Президент небольшой специализированной фирмы по производству высокотемпературных масел на силиконовой основе дал согласие передавать некоторые документальные сведения по их изготовлению. Естественно, за приемлемое вознаграждение. В шифровке были намеки и на другие перспективные возможности источника, о чем Брюссель сообщит дополнительно в оперативном письме. Давались имя и адрес жительства «Мориса», его место работы, год и место рождения.
В учетно-архивном отделе разведки я сделал справку из дела.

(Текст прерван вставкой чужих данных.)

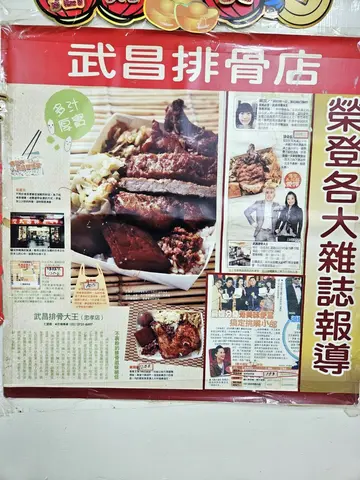 武昌排骨大王,國父紀念館站排骨飯老店 這是寫懶人包,發現缺照片所以就約了朋友一起來吃這間店其實某角度還和我有點關係,據說它在以前那間武昌街的老店,是我老爸老媽約會的店家 好吧,那麼就來吃吃吧。到了發現網路資料與實際不同,7:45 就要收店了。對習慣晚吃飯的本人來說哇這真早,木柵嘛? 但還是運氣好問一下後被同意可以用餐店內的裝璜 嗯,一進去回朔20年時光的感覺菜單●武昌排骨大王│排骨飯 老牌的排骨飯,加點肉燥和酸菜 就排骨加飯有點酸菜,滷蛋是加錢另外買的 排骨頗厚,飯上面有肉燥 份量稍少了一點 老實說......我小時候還是有去過武昌街排骨大王吃過的,這感覺除了排骨以外,不太像當年的做法 不過都七點二十出現,老闆願意給我們吃這飯,已經非常感謝了配菜其實稍多一點點,會讓人更滿意不過是你的話你會想多一點配菜賣120 或是這樣吃100 呢?●武昌排骨大王│排骨麵 蠻大碗的麵,因為被放進來可以吃就忘了特別請對方不要加豆芽,所以簡單吃吃 湯頭還ok ,搭著排骨吃還蠻不賴排骨。這樣擺著比放在飯上更明顯直接 排骨就是很厚,比起很多店家炸的乾乾的又薄薄的 這厚度就是好缺點是整體吃來有點小硬,可能和我自己牙口不好比較有關係排骨味道是很夠的,比起之前吃過的一些確實不差,該說是蠻好吃了,不過稍稍油了一點 因為是最後時間吃到,也就這樣還算不錯稍油但很入味的排骨,肉很厚 ●武昌排骨大王│總評 在繁華的東區國父紀念館站,這天太晚去,不知平常生意如何 畢竟是老味道,希望它可以繼續下去

Главное было в том, что имя «Мориса» увязывалось с убийством «Старика». «Морис» передал свои личные документы некоему Рамону Меркадеру, который использовал их для выезда в Мексику. Там Меркадер проник в дом к «Старику» и убил его. В деле говорилось, что в сороковом году «Морис» был арестован и проходил по судебному делу о гибели «Старика», но отрицал факт передачи документов Меркадеру, сказав, что они были утеряны в начале сорокового года. О пропаже документов «Морис» заявлял официально. После оккупации Бельгии немцами он по тому же обвинению оказался в концлагере, где провел все годы Второй мировой войны.
– Это о каком же «Старике» идет речь? – спросил сам себя «ВВ». – Ведь «Старик» – это Ян Берзин, чекист и руководитель ГРУ. Это – и псевдоним Ленина. Берзина расстреляли в тридцать седьмом. А «Старик», которого убили в Мексике, может быть только… Троцкий. Да, несомненно, речь идет о нем.
Озабоченный «ВВ» пошел докладывать руководству. Вернувшись, бросил:
– Срочно готовь в Брюссель шифровку. Работа с «Морисом» запрещается. Даже любые контакты. О выходе на него доложено руководству разведки.
– Но ведь он согласен работать с нами…
– Чудак-человек, все, что связано с «делом Троцкого», – табу.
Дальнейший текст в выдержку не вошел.